Domestic Electricity
UK Mains Electricity
UK mains electricity is alternating current AC at 230 V and 50 Hz. AC periodically reverses direction, unlike DC (from batteries) which flows in one direction only. The 50 Hz means the current completes 50 full cycles per second.
Electrical Power and Energy
Power: P = IV = I²R = V²/R (where P is in watts, I in amps, V in volts)
Energy transferred: E = P × t (joules = watts × seconds) or E = VIt
Cost of electricity: energy is sold in kilowatt-hours (kWh). 1 kWh = 1 kW used for 1 hour = 3 600 000 J. Cost = power (kW) × time (hours) × price per kWh.
Efficiency
Efficiency = useful energy output ÷ total energy input (× 100 for %) Or: Efficiency = useful power output ÷ total power input
A 100 W light bulb that emits 10 W of light and 90 W of heat has an efficiency of 10%.
The Three-Pin Plug (WJEC Required Knowledge)
UK three-pin plugs have three connections:
- Live (brown): carries the alternating high voltage (~230 V). Connected to the fuse.
- Neutral (blue): return path, at ~0 V.
- Earth (green/yellow stripe): safety wire connecting the metal casing of an appliance to earth (0 V). If a fault causes the casing to go live, current flows safely to earth, blowing the fuse.

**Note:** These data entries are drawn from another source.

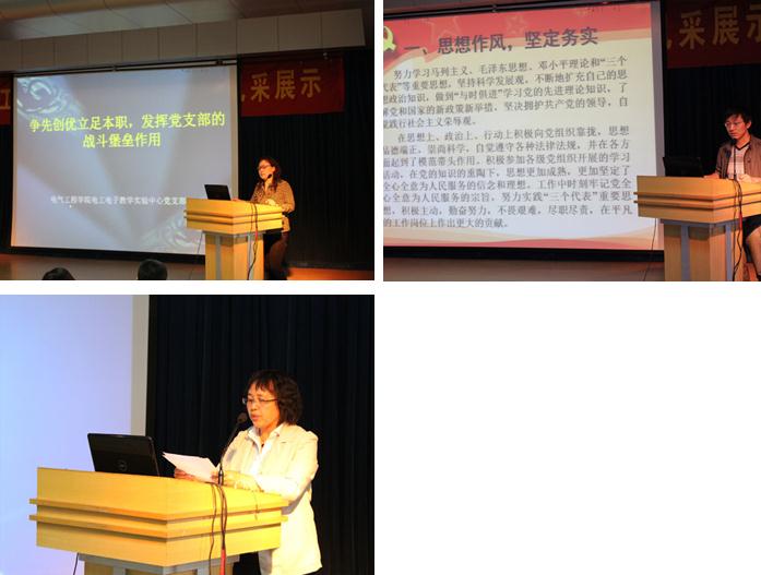 此次活动共有各支部推荐的10名教工优秀党员和2个教工先进党支部参加评比展示。首先,平熙副书记对此次活动的意义和组织做了简要介绍,并对评比标准和规则进行了说明。接下来,2个教工先进党支部、10位优秀党员候选人和优秀党务工作者依次做了风采展示,展示结束后,在座的全体党员投票选出4名优秀党员向学校党委推荐。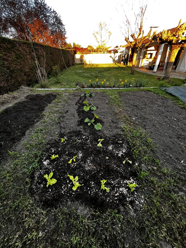 Puis ensuite on recouvre les pommes de terre puis on prépare pour mettre quelques salades et quelques courgettes… On verra si on a bien fait d’anticiper les saints de glace ou pas !!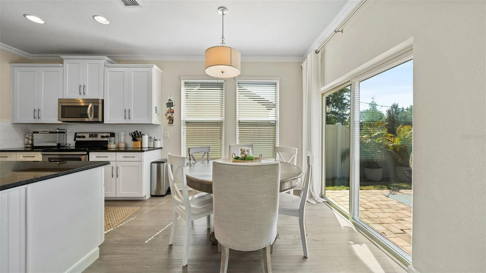 and has an attractive tray ceiling, crown molding, wood floors and a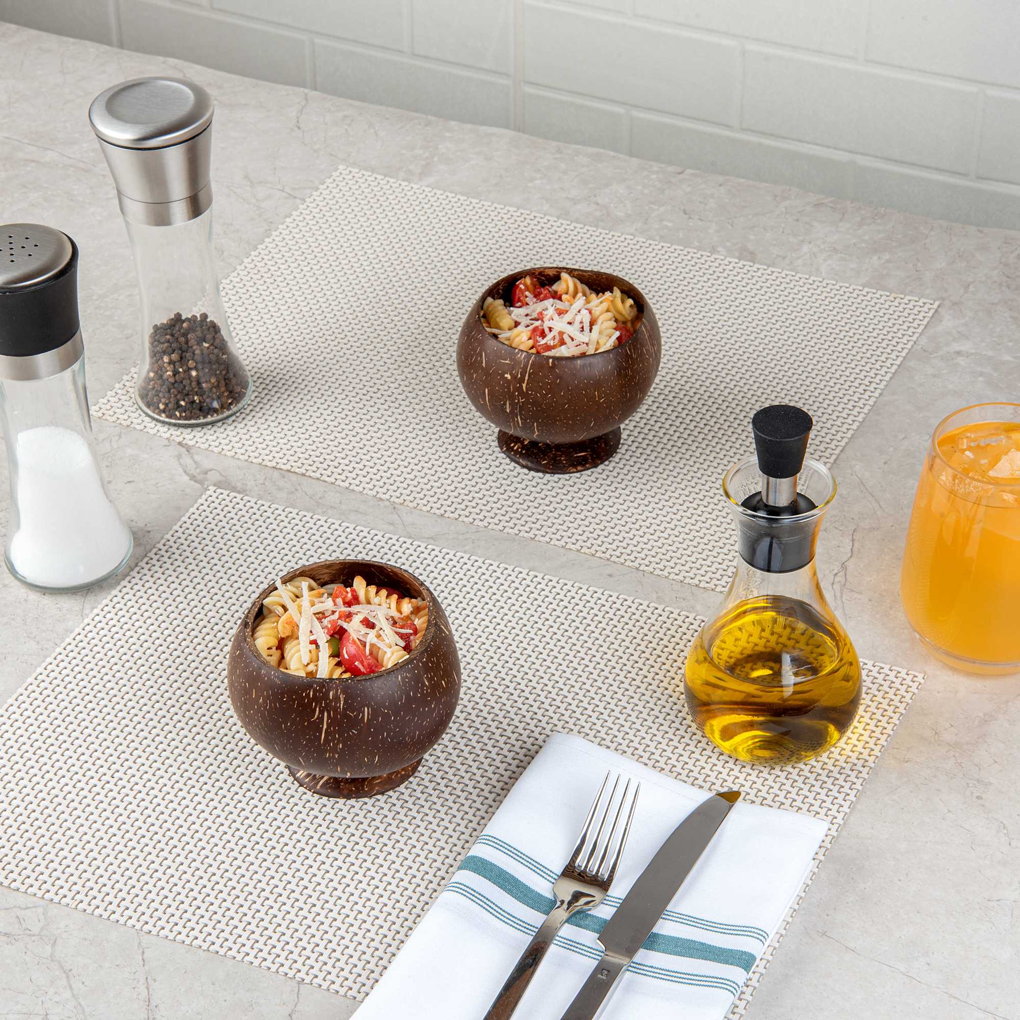 Enhance customer experiences with sustainable drink presentations. Coco Casa Coconut Shell Cup delivers an eco-friendly and reusable alternative to traditional drinkware, offering a 10-ounce capacity perfect for tiki bar drinkware and standard cocktail servings. Featuring a stable wooden base that prevents spills, these cups enhance operational efficiency by minimizing waste and accidents. Handmade artisanal craftsmanship adds a unique elegance to any table setting, making them ideal for themed events or beach resorts. Each coconut cocktail cup is crafted from real coconut shells, providing a natural brown color and a distinctive touch, while its biodegradable and compostable nature supports sustainability initiatives. Perfect for enhancing tropical themes, these cups measure approximately 3.94 inches by 3.94 inches, adding a charming touch to any drink service. Each order includes 4 Coco Casa Coconut Shell Cup.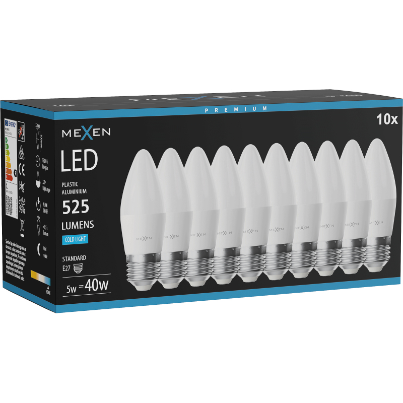 Mexen Nova 10x LED žárovka E27, C37, 5W, studená - 6500K, 525 lm - L102-E27-0565-01x10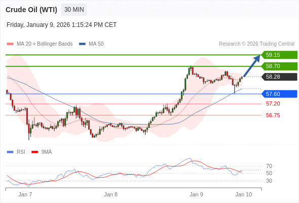 在 57.60 之上,看涨,目标价位为 58.70 ,然后为 59.15 。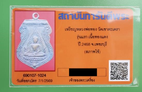 มาครับ เหรียญรุ่นแรก หลวงพ่อวัดเขาตะเครา ปี 2468 สภาพพอสวย พร้อมบัตรรับรองครับท่าน (สวย ๆ ขึ้นหลักแสน)
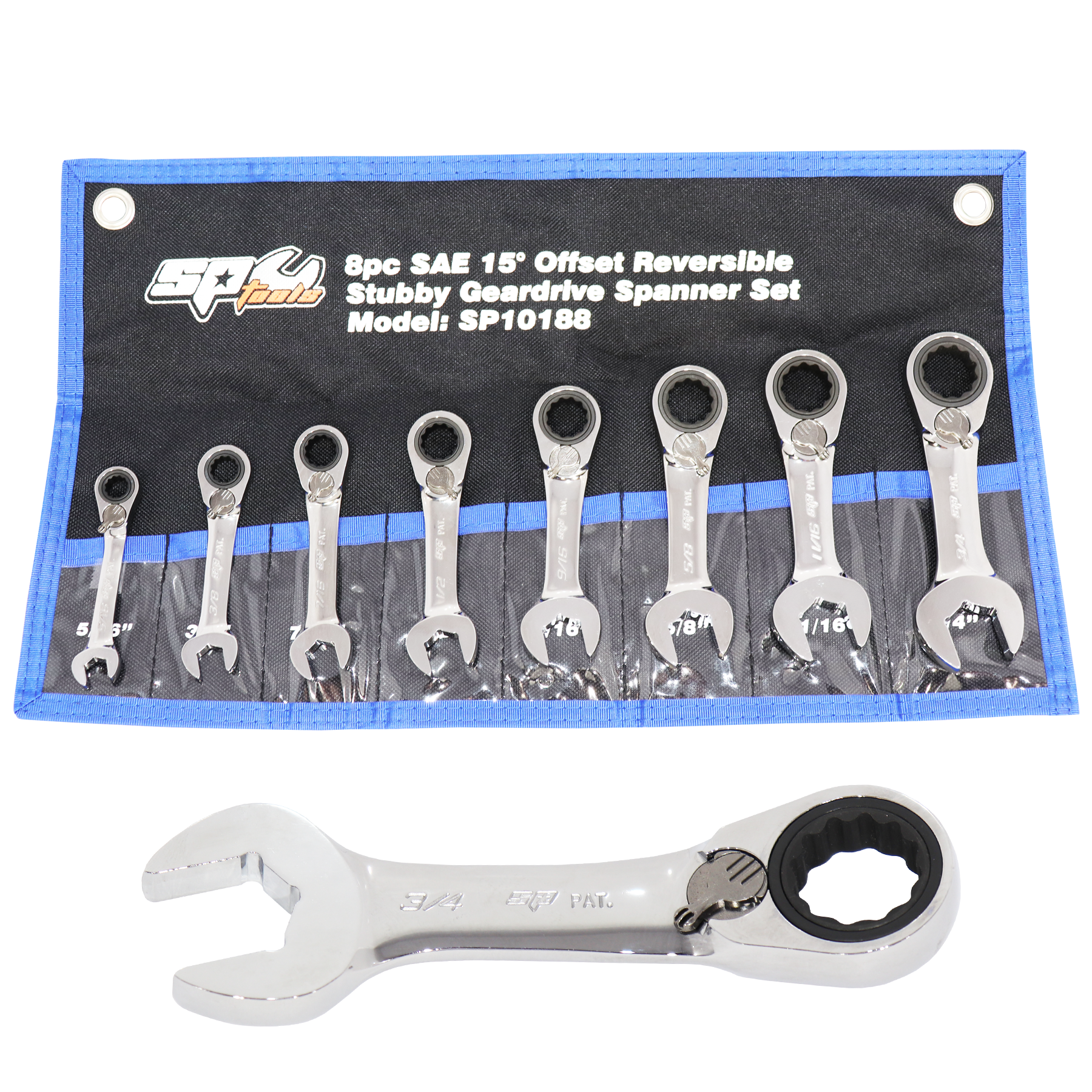 The Gear Drive ROE Spanner Set - 15° Offset Stubby - SAE is designed to provide strength, durability, and accessibility in confined spaces. With a 15° offset and stubby design, this set is perfect for automotive, industrial, and plumbing applications where space is limited, but performance is essential.

The wires are held in with cable grips. The outer insulation must not be stripped too far. The fuse is always wired into the live wire.

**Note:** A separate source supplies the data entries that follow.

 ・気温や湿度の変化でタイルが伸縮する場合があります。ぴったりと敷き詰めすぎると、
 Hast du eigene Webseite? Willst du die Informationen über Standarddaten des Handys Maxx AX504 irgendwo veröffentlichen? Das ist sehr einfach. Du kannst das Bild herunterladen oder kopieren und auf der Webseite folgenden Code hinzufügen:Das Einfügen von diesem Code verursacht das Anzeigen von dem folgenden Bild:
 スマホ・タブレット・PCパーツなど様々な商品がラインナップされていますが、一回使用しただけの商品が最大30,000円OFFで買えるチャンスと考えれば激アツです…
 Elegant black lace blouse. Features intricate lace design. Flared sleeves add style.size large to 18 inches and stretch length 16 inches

Fuses and Circuit Breakers
A fuse contains a thin wire that melts if current exceeds its rated value, breaking the circuit. Fuses protect cables from overheating, not people directly.

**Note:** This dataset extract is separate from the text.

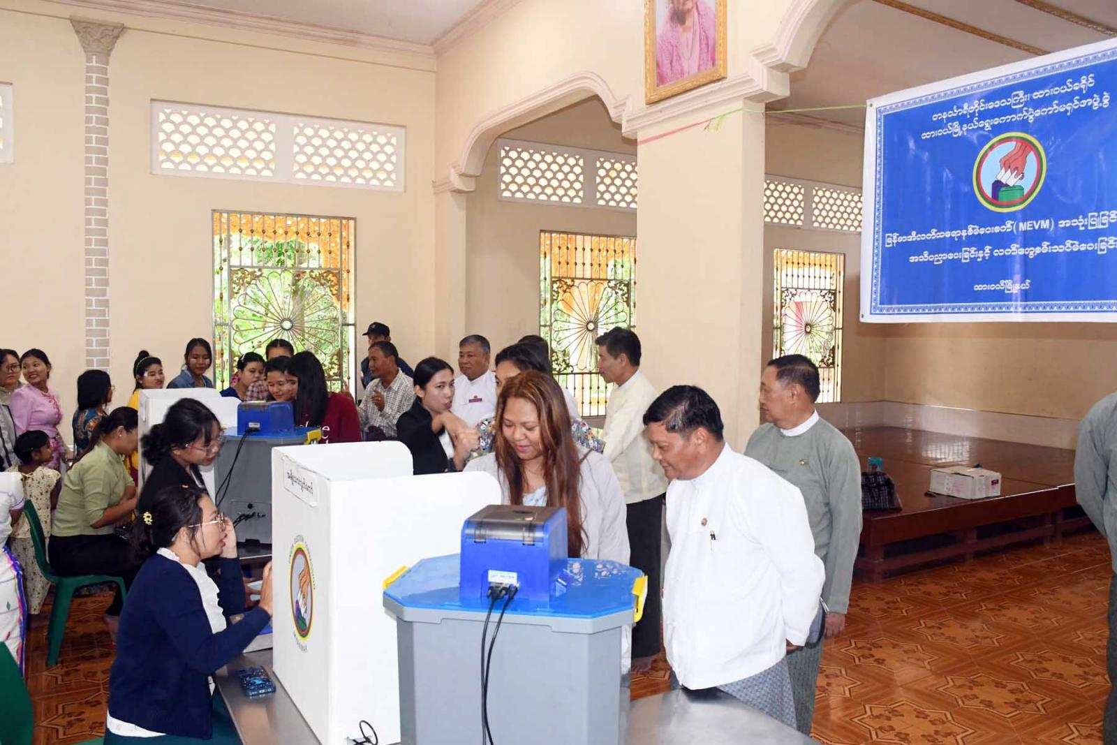 တနင်္သာရီတိုင်းဒေသကြီးထားဝယ်ခရိုင်၊ ထားဝယ်မြို့နယ် ရွေးကောက်ပွဲကော်မရှင်အဖွဲ့ခွဲ က မြန်မာအီလက် ထရောနစ်မဲပေးစက် (MEVM) အသုံးပြုခြင်းဆိုင်ရာ အသိပညာပေးခြင်းနှင့် လက်တွေ့စမ်းသပ်မဲပေးနေမှုကို စက်တင်ဘာ ၂၄ ရက် မွန်းလွဲပိုင်း က ထားဝယ်မြို့ ဆန်းချီဘုန်းတော်ကြီးကျောင်း၌ ကျင်းပသည်။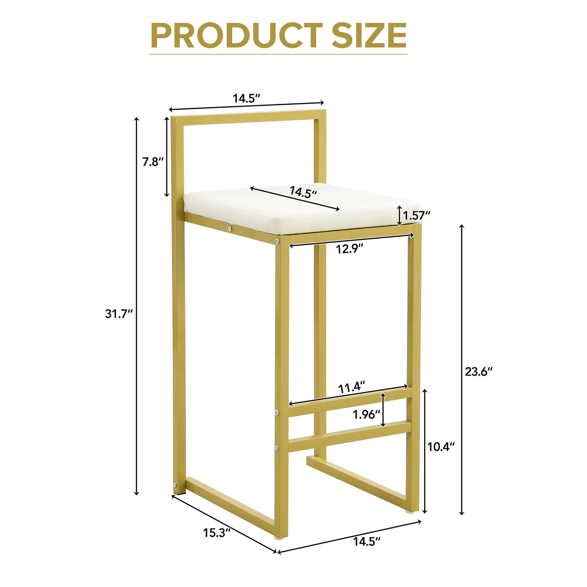- [Product Size] Each gold bar stools measures 15.35 inches (L) * 14.57 inches (W) * 31.50 inches (H), perfect fit for all standard bar stools, save space at home. They can also be used as dining room, bar, cafe and terrace

Choosing the correct fuse: select the lowest rated fuse above the normal operating current of the appliance. E.g. if an appliance uses 4.5 A normally, use a 5 A fuse (not a 3 A which would blow immediately, nor a 13 A which gives no protection).
Circuit breakers (MCBs) use an electromagnet or bimetallic strip to disconnect the circuit; they can be reset. RCDs (residual current devices) detect any difference between live and neutral currents (indicating leakage through a person) and disconnect in milliseconds — much faster than a fuse.
Earthing and Double Insulation
Earthing: appliances with metal casings have the casing connected to the earth wire. If a live wire touches the casing, a large current flows to earth, blowing the fuse and cutting power.
Double insulation (marked with a square-within-a-square symbol): the casing is plastic (non-conducting) so there is no risk of the casing going live; no earth wire needed.
⚠Common mistakes
- Live and neutral confused: live is brown and at high voltage; neutral is blue at ~0V. The fuse goes in the live wire — if it were in neutral, the appliance would remain at high voltage even with the fuse blown.
- Efficiency > 1: efficiency can never exceed 100% because you cannot get more useful energy out than you put in (conservation of energy).
- kWh vs joules: exam questions may ask for energy in kWh for cost calculations; convert carefully (1 kWh = 3.6 × 10⁶ J).
- Fuse rating confusion: fuse must blow if current is too high, so choose the lowest rating above normal current.